Bactericidal properties of peracetic acid and hydrogen peroxide, alone and in combination, and chlorine and formaldehyde against bacterial water strains.

The bactericidal properties of peracetic acid, hydrogen peroxide, chlorine, and formaldehyde were compared in vitro using a rapid micromethod. A combination of peracetic acid and hydrogen peroxide was also tested to assess interactions. The activities of these agents, which are widely used as disinfectants, were evaluated against water isolates and culture collection strains.
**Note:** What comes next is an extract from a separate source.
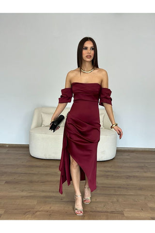 Şifon Detaylı Uzun Boy Vücudu Saran Gece Mezuniyet Nişan Kadın Elbise

Peracetic acid and chlorine exhibited an excellent antimicrobial activity, with a relatively rapid destruction of 10(5) bacteria/mL. The time-dependent bactericidal activities of hydrogen peroxide and formaldehyde were the lowest. The combination of peracetic acid and hydrogen peroxide, tested by a checkerboard micromethod, was found to be synergistic. The minimal bactericidal concentration was established in terms of time for a given mixture of peracetic acid and hydrogen peroxide. Determination of bactericidal concentrations showed that synergy was maintained with increasing contact time. Concentrations for minimal times of treatment by chemicals that provided interesting activities in vitro were tested for disinfection of ultrafiltration membranes. The bactericidal activities of peroxygen compounds were confirmed and synergism was maintained in working conditions. Chlorine showed a loss of efficacy when used on membranes.[1]